Отжиг пронесся по подстилу, кустарникам, подлеску, однако и кроны елей полосами, пятнами выгорели во многих местах, только лиственницы с зачернелыми стволами уберегли свои высокие ветви и, кажется, были еще живы. Но радоваться этому Руленков не мог, лучше бы выгорело все, ибо по ним, уцелевшим кронам, затаившийся пожар может перекинуть пламя на живые массивы Святого урочища. Если разбушуется ветер.
Он остановился. Дальше идти опасно, и видимости почти никакой. Пейзаж мрачнел. Черные столбы деревьев напоминали бесчисленные колонны гигантского, неземного, догорающего храма: видение жуткое, дурманящее... Были и вывалы — рухнувшие стволы с перегоревшими корнями. То издали, то близко слышался грохот, треск. В любую минуту могло упасть любое дерево. Дым проникал сквозь маску. Одному, вслепую, идти глупо — он и так нарушил инструкцию, пошел один, пожалев утомившихся пожарников, — и Руленков решил еще раз выстрелить.
Сразу же из мглы, дымного мрака вынырнула неуклюжая фигурка Стацюка. Он торопился, даже вроде бежал, но, увидев инструктора Руленкова, споткнулся, замер в нескольких шагах от него, покачиваясь, часто дыша, вздергивая плечи. Под мышками он держал двух чумазых, вяло свесивших длинные лапы зайчат.

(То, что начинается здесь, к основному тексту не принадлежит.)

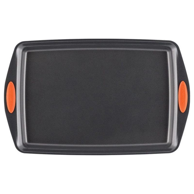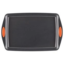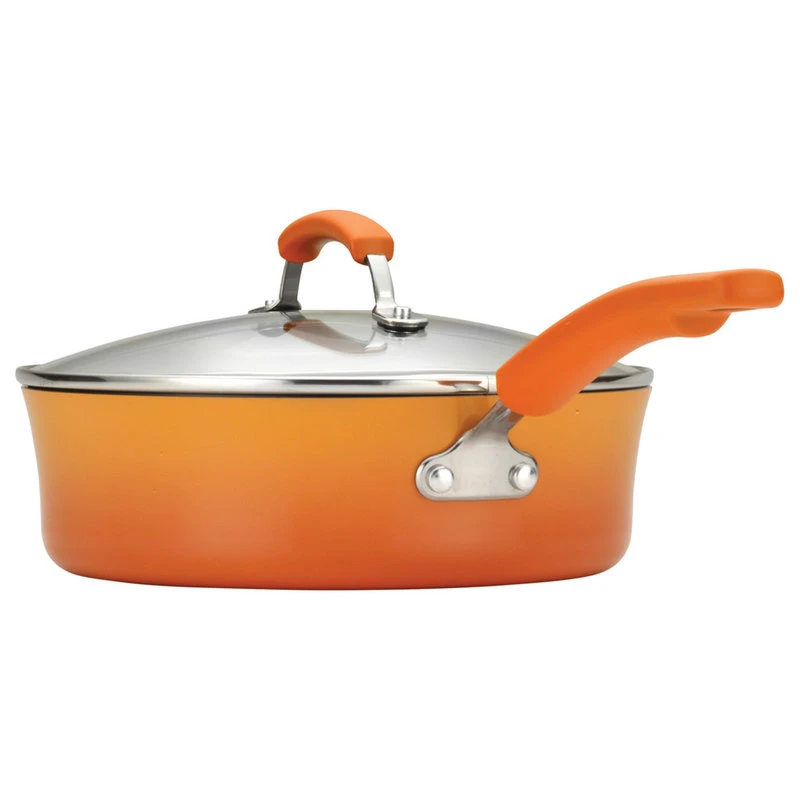 This Rachael Ray Porcelain 14-piece cookware set offers superior performance in fun colors and durable materials. The nonstick interiors provide impeccable food release for easy cleanup. The sturdy construction promotes even heating, helping to reduce hot spots that can burn foods, and the hard enamel exteriors in a fun two-tone gradient hue are not only colorful, but also durable. The rubberized dual-riveted handles offer strength and a comfortable grasp while cooking, and are oven safe to 350 degrees F. The set even comes with must-have accessories that are dishwasher safe. The Oven Lovin’ crispy baking sheet is coated in convenient nonstick and is oven safe to 450F. Turn, flip and scoop with a spatula, a spoonula and a Lil Devil a spatula with a pointed edge that can get into places other spatulas cant. These three handy tools are heat safe to 500 degrees F.This hard enamel cookware is durable and dependable, heating food evenly and reducing hot spots.

В маске не поговоришь, не поорешь, облегчая душу, да и перегорела злость на этого шалопая-недоростка. Руленков поманил Стацюка к себе, взял у него зайчат и грубовато подтолкнул в спину: иди, мол, спокойно, там разберемся. А то еще драпанет от страха перед командиром и уже обещанным ему наказанием — выдворением в город, чего Стацюк никак не хотел.
Минут через двадцать они были на опорной, у оранжевой палатки Руленкова. Сбежались все, кто не спал, не дежурил в наблюдении — на тушение обычно выходили по утренней росе и вечерней прохладе, — окружили «героя», спасшего двух зайчат, стали помогать ему вылезти из комбинезона, сдернули маску. И тут Стацюк, хватив свежего воздуха, рассеянно обозрев смеющихся пожарников, побледнел, начал приседать на ослабевших ногах и повалился навзничь так внезапно, что его не успели подхватить.